(Records from a dataset)
.....

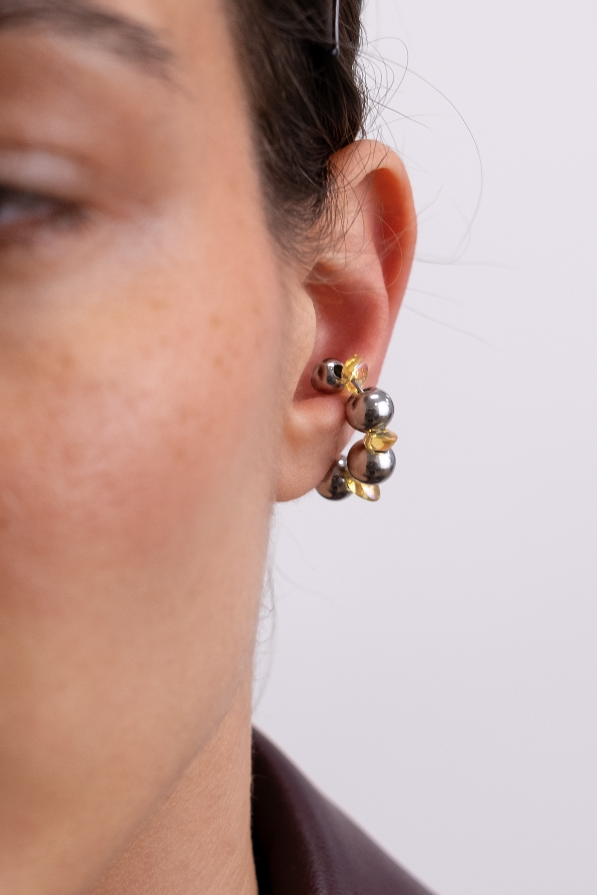 Earcuff en acier inoxydable. Il s’agit d’un faux piercing pour oreille non perçée qui se positionne au niveau du conch ou du lobe suivant la largeur de l’oreille. Il est composé d’un anneau argenté, avec des perles en verre de trois variantes de couleur et argentées.
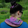 Fourth up, Autumn Come mingles the last days of summer with thoughts of cold evenings to come. A moebius cast on joins forces with brioche to create a uniquely intriguing mirrored abstract leaf and branch pattern. Adventurous knitters will delight in the stitch interest created by combining these techniques. Use bright colors to hold fast to the last vestiges of summer or deep tones to welcome Autumn with your stitches. Notes on Autumn Come - Skills & Construction: moebius, brioche, brioche shaping stitches. As any adventurous knitter knows, each pattern is conquered one stitch at a time. Autumn Come is no different! Traditionally speaking, this would fall in the advanced skill category. Test knitters who had not used either technique before proudly accomplished this pattern! With determination, patience, and concentration you too can impress your friends with your finished Autumn Come.
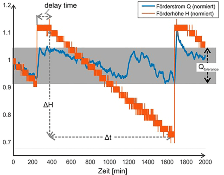 Der Zyklus beginnt mit der Wartezeit von 2 h (delayTime). Anschließend werden die Drehzahl und dadurch die Förderhöhe sehr langsam abgesenkt. Es ist erkennbar, dass der Förderstrom innerhalb der erlaubten Grenzen konstant bleibt. Sobald die Grenze gerissen wird, schaltet der Algorithmus zurück in die Ausgangssituation.
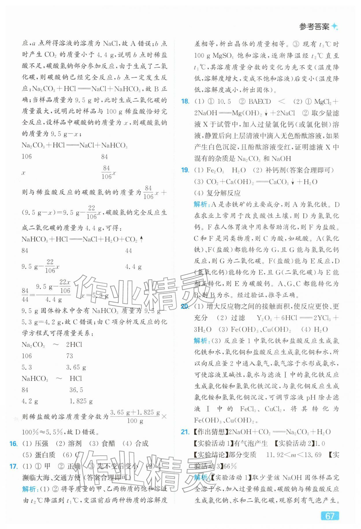 2026年亮点给力提优课时作业本九年级化学下册沪教版参考答案第67页
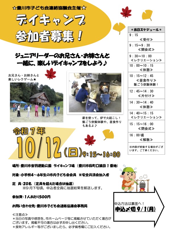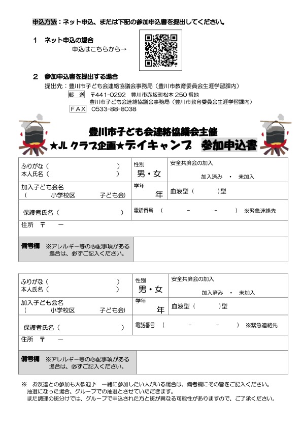 対象:小学4年生から小学6年生の豊川市内の子ども会の会員
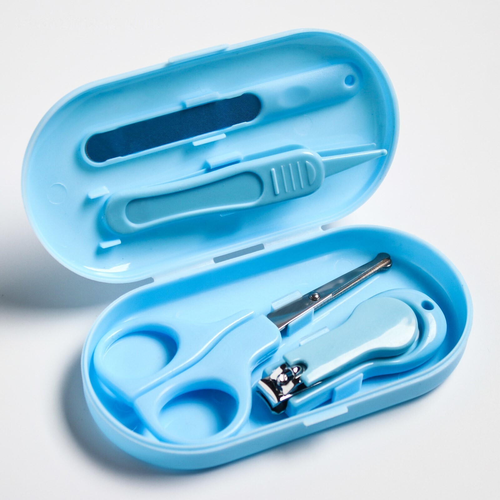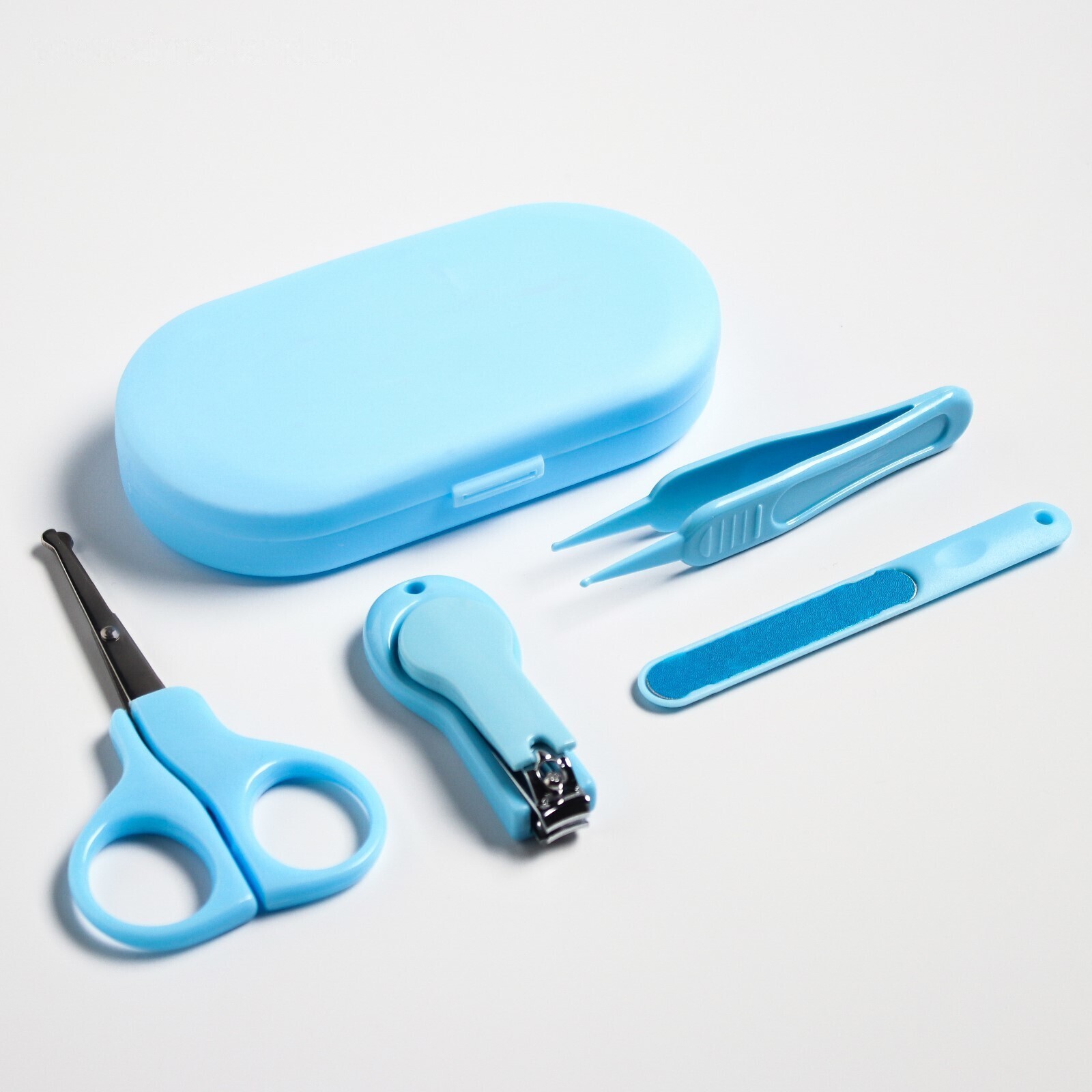 Детский маникюрный набор (ножницы, книпсер, пилка, пинцет), цвет голубой
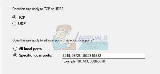 Select TCP from the first set of radio buttons (TCP is recommended) and switch the second radio button to “Specific local ports. You will need to add the following ports in order to fix QuickBooks updating functionality:
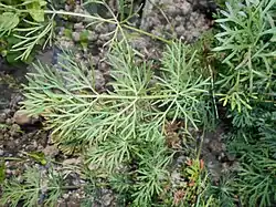 - Dolne liście osadzone na rynienkowatych, długich ogonkach, u nasady rozszerzających się pochwiasto. Blaszka tych liści jest w zarysie podługowato jajowata, 2–3-krotnie pierzasto podzielona, odcinki liści są równowąskie – mają do 15 mm długości i 1 mm szerokości. Mają ostre wierzchołki i owłosione brzegi. Liście średnie i górne siedzą na pochwiastych, nieco rozdętych nasadach i mają blaszki słabiej podzielone[5].
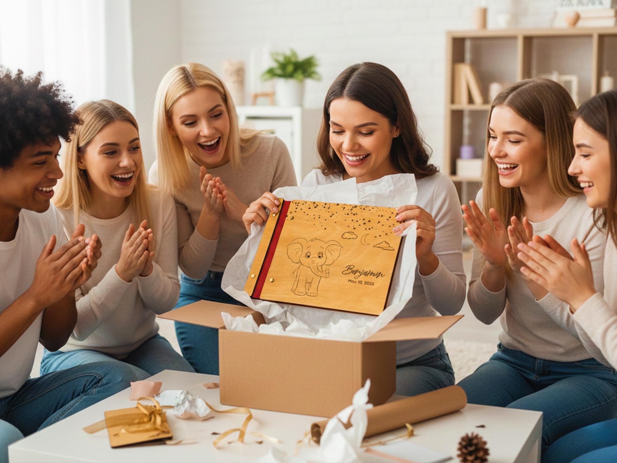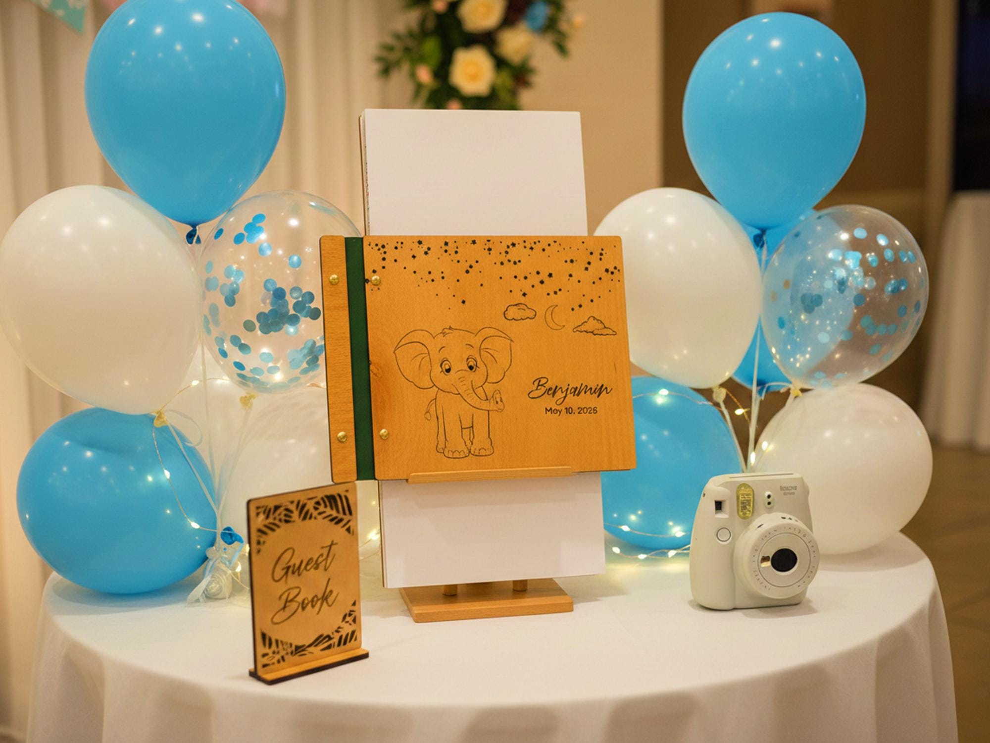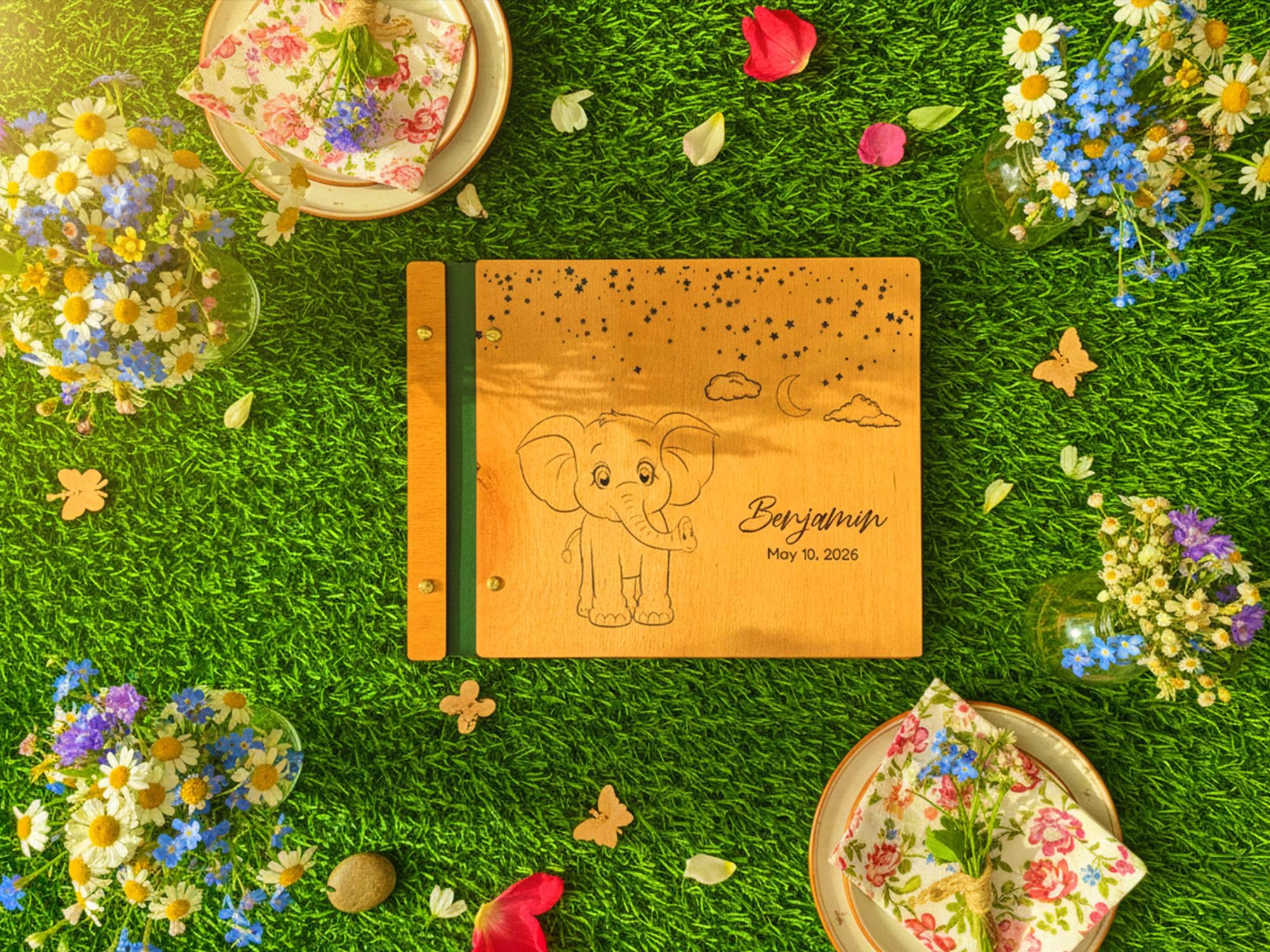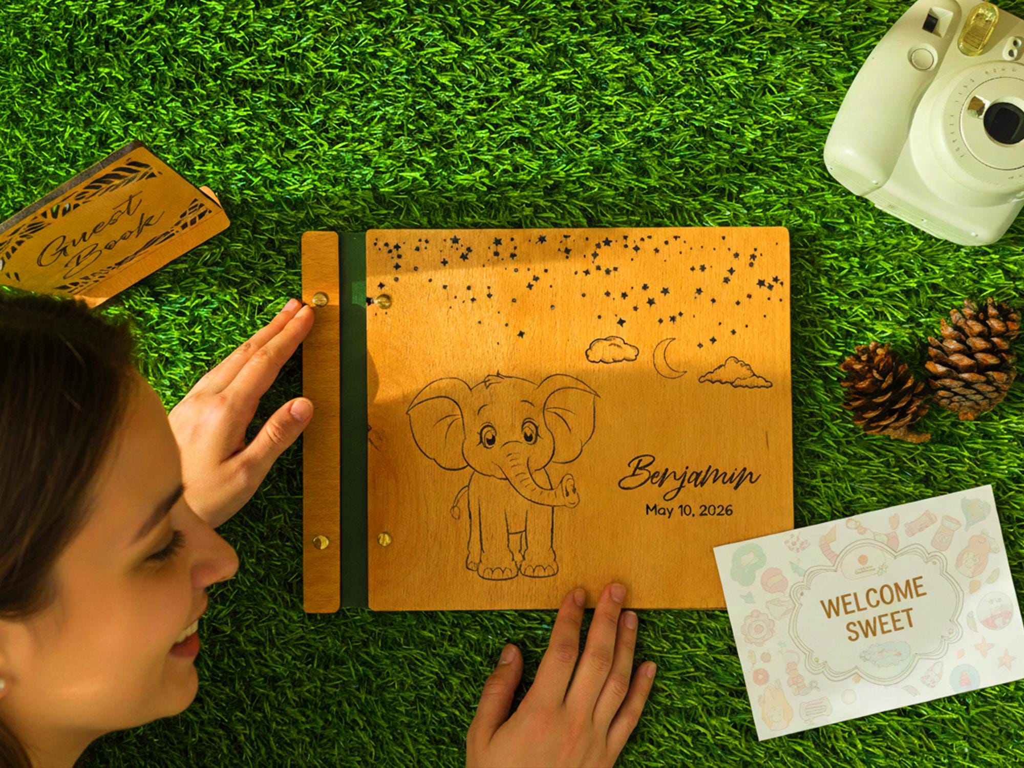 Celebrate your little one’s arrival with this handcrafted wooden baby memory book. Featuring engraved sweet elephant figure, your child’s name, and a special date, this photo album makes a timeless keepsake to treasure forever. Perfect as a baby shower gift, newborn present, or first birthday keepsake, it’s designed to hold your family’s most precious memories.
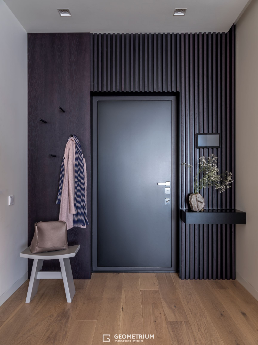 Прихожая с рейками на стене
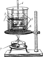 сталева кулька; 4 − термометр; 5 − металеві пластини; 6 −
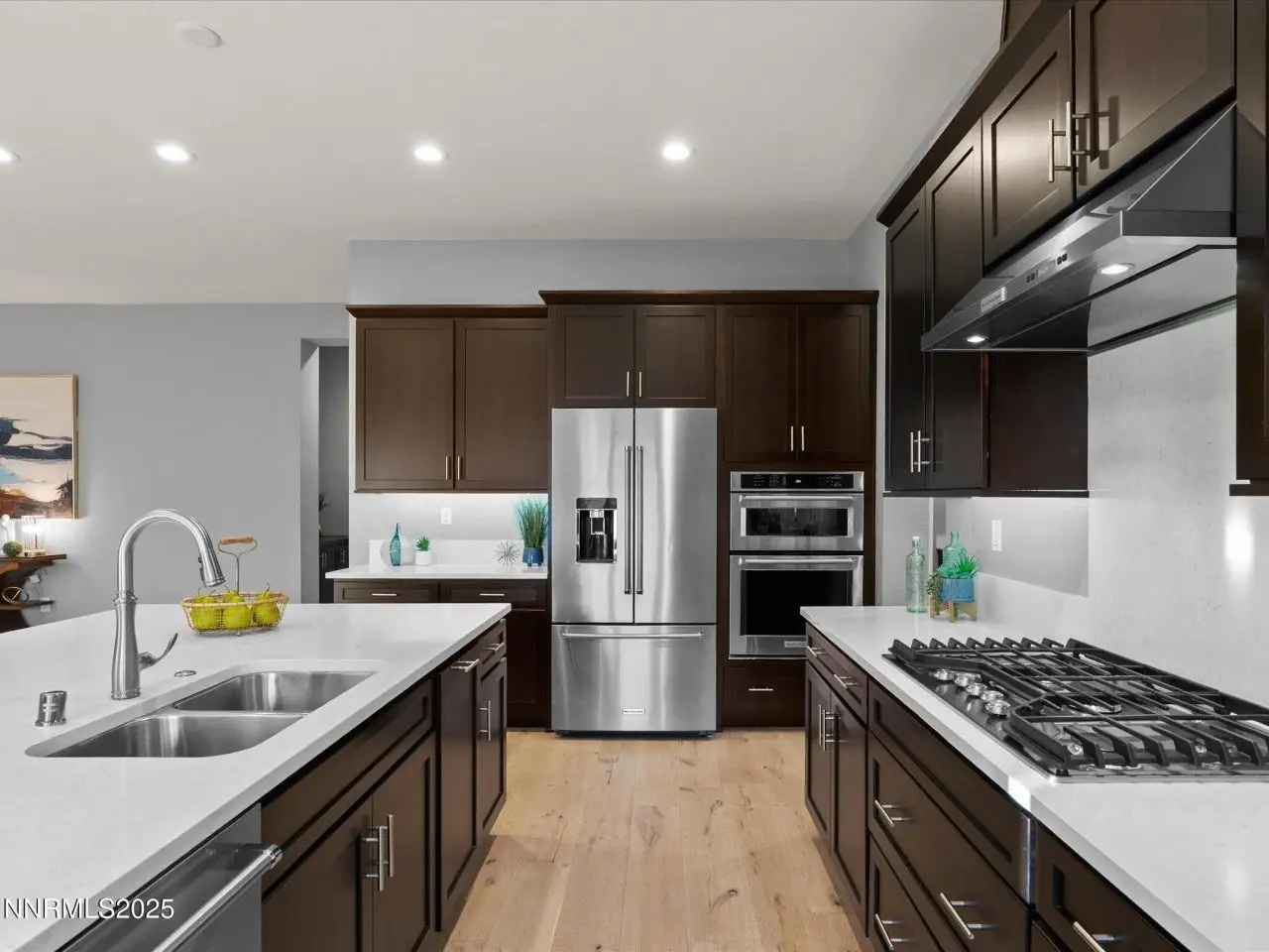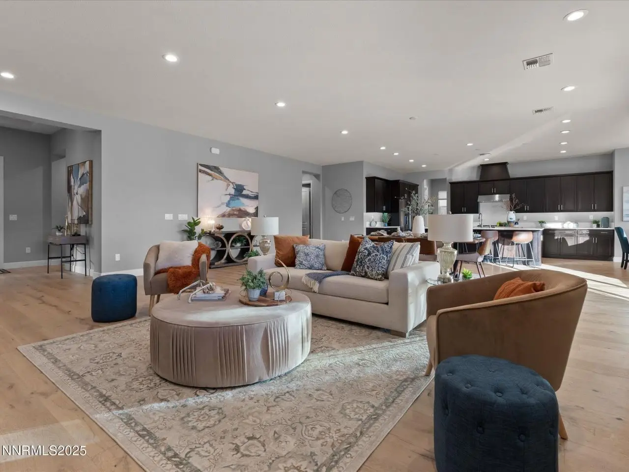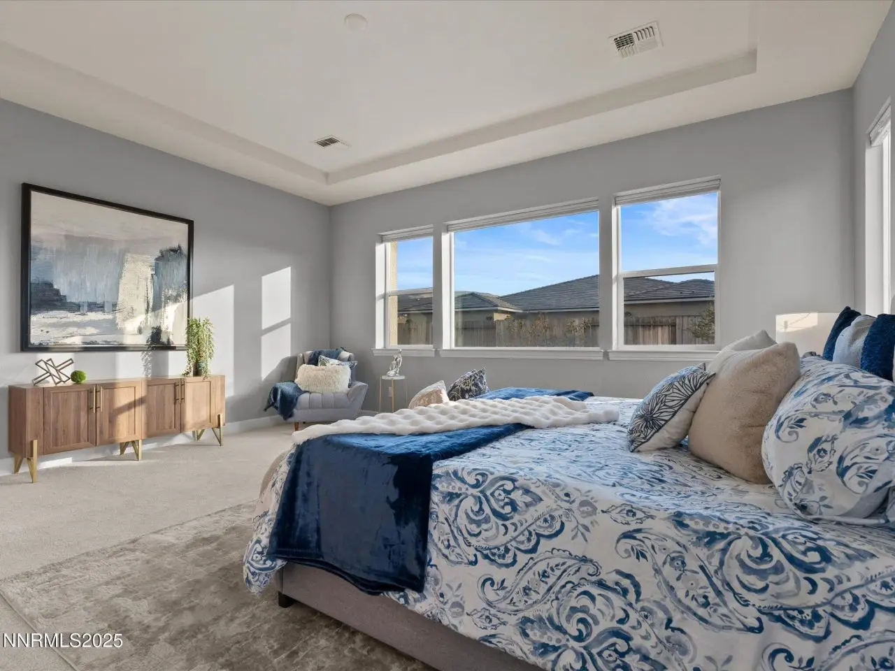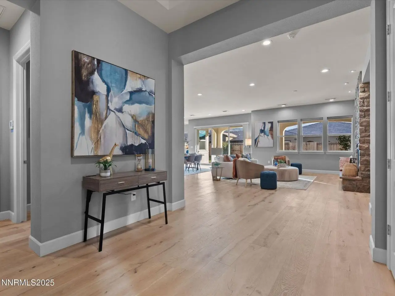 Experience relaxed, modern living in this stunning home in the gated Sorrento Trail community of Bella Vista Ranch in South Reno. Set on a premium corner lot, this property offers peak views of the Mt. Rose ski area and the Sierra Nevada mountains and professionally-designed, low-maintenance landscaping. A private, gated front courtyard leads to the covered entry area. Inside, wide wood-plank floors flow seamlessly from the foyer into the expansive great room. The heart of the home features a radiant fireplace, an open kitchen ideal for entertaining, two dining areas and a remarkable 12-foot sliding door system framing the covered patio. KitchenAid appliances, dark cabinets with under-cabinet lighting. Quartz counters define the work area of the kitchen, with a spacious adjoining butler's pantry with more work space cabinets and a prep sink -- plus there's a walk-in pantry. This home includes five well-appointed bedrooms, four full baths and a powder room. The thoughtfully-designed layout caters to many lifestyles: multi-generational living, a dedicated office and exercise or hobby spaces. The primary suite is a true retreat, featuring a lavish bathroom with a huge shower with multiple shower heads, a soaking tub, two vanities, and a generous walk-in closet. Down one hall, two bedrooms share a convenient Jack-and-Jill bath. Near the foyer, the fourth bedroom suite has a sliding glass door to the front courtyard. The fifth bedroom suite is tucked away off the kitchen. The 12-foot, multi-panel sliding glass door opens from the great room to the covered back patio, which is equipped with two gas stubs and extra electrical outlets, providing an ideal outdoor entertaining space. Bella Vista Ranch offers residents access to a vibrant community clubhouse, a saltwater swimming pool with lap lanes and a play area. Walking/biking trails surround the community, which is just off Veteran's Parkway. Nick Poulakidas Elementary school is a 5 minute walk from this home. Don't miss your chance to see this incredible property-schedule your showing today!
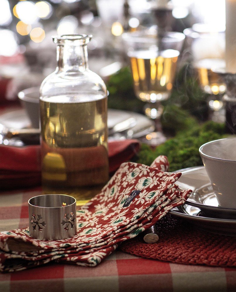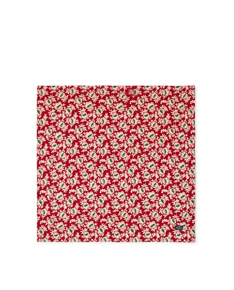 Denna servett i ekologisk bomull har ett exklusivt blommönster över hela i en blandning av rött och beige och kommer att bli det givna samtalsämnet vid varje middagsbord. Denna servett i bomullstwill är tillverkad i Indien och avslutas med en uppvikt kant.

.....

PROBLEM STATEMENT - After locating the line containing "Детский маникюрный набор" in the entries above, return it and every line after it exactly, ending at the line containing "- Dolne liście", without pictures.

FINISHED TASK -
 Детский маникюрный набор (ножницы, книпсер, пилка, пинцет), цвет голубой
 Select TCP from the first set of radio buttons (TCP is recommended) and switch the second radio button to “Specific local ports. You will need to add the following ports in order to fix QuickBooks updating functionality:
 - Dolne liście osadzone na rynienkowatych, długich ogonkach, u nasady rozszerzających się pochwiasto. Blaszka tych liści jest w zarysie podługowato jajowata, 2–3-krotnie pierzasto podzielona, odcinki liści są równowąskie – mają do 15 mm długości i 1 mm szerokości. Mają ostre wierzchołki i owłosione brzegi. Liście średnie i górne siedzą na pochwiastych, nieco rozdętych nasadach i mają blaszki słabiej podzielone[5].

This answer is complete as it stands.